Baca juga: 4 Kesalahan Investasi Ethereum yang Sebaiknya Kamu Hindari

Apa Imbasnya?

Sekarang, pertanyaan besarnya adalah apa yang dapat dilakukan investor dengan banyak hal yang ditampilkan di media sosial? Lalu apakah mungkin untuk memprediksi harga kripto dengan mengikuti sentimen Twitter?

Menurut BDCenter, itu tidak mungkin. Namun, dengan menganalisis sentimen Twitter, Sobat Cuan dapat memperkirakan kemana pasar akan pergi. Selain itu, banyak agregator harga dan statistik membuat analisis semacam itu.
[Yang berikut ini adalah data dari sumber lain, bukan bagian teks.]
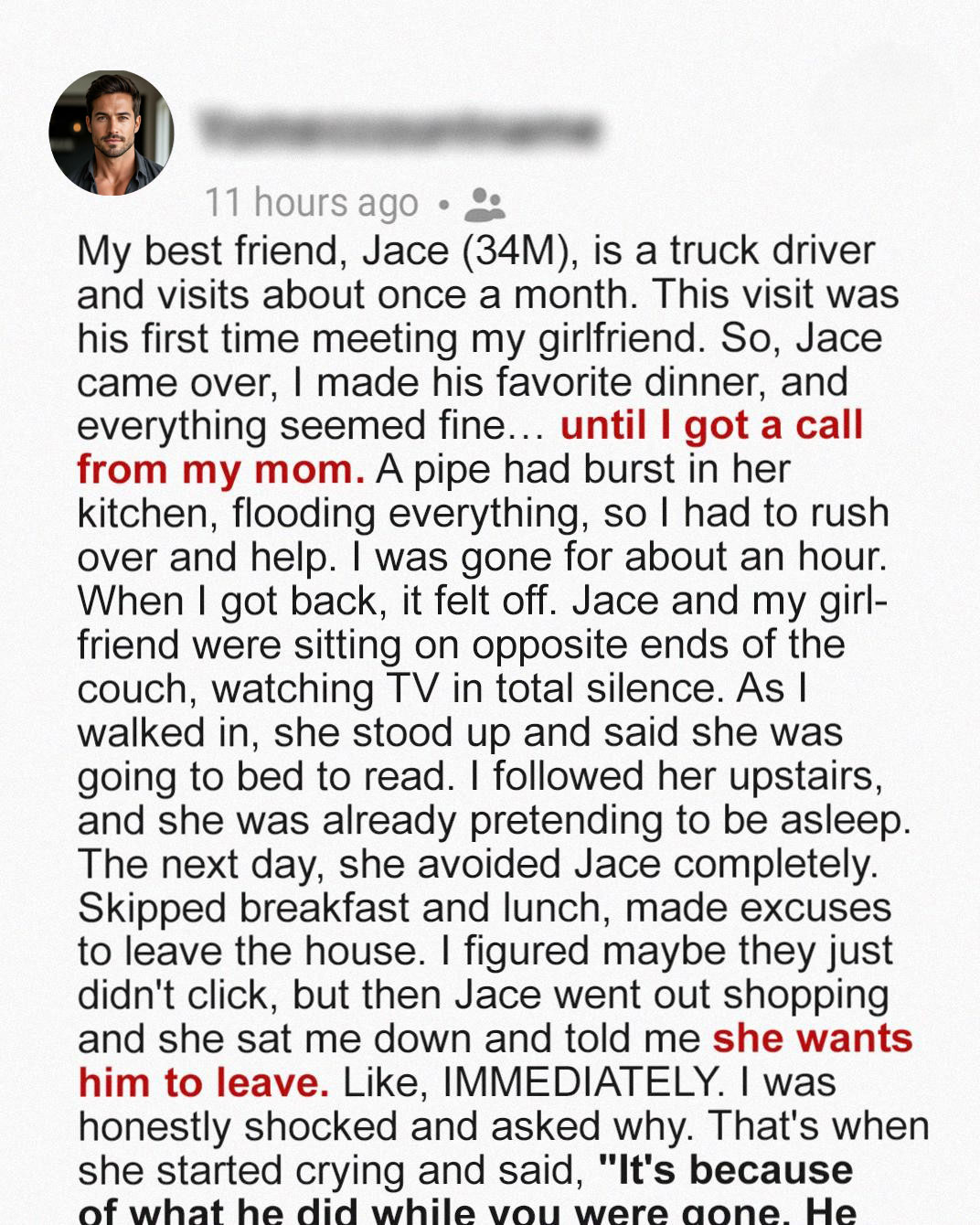 When my long-haul trucker friend came to stay, I cooked his favorite comfort meal but had to leave for an hour to help my mom. When I got back, something felt off. My girlfriend barely spoke… and the next day, she told me he had to go. What happened while I was gone turned my life upside down.

Pertama, para trader dan HODLer tampaknya akan melihat dunia kripto secara lebih realistis. Kedua, marketer pemula kemungkinan akan menghemat anggaran mereka dengan tidak mencoba mempengaruhi harga token mereka melalui influencer Twitter.

Ketiga, marketer dapat menghemat bujet mereka dengan memilih influencer media sosial apakah yang tepat untuk diajak berkolaborasi.

“Seperti yang ditunjukkan oleh penelitian kami, lebih efisien untuk bekerja dengan crypto influencers yang secara teratur memposting koin, memiliki antara 50.000 dan 100.000 pengikut, dan memiliki tingkat keterlibatan lebih dari 500%. Mereka akan mempromosikan proyek kripto lebih baik daripada yang hanya memiliki banyak pengikut,” kata BDCenter.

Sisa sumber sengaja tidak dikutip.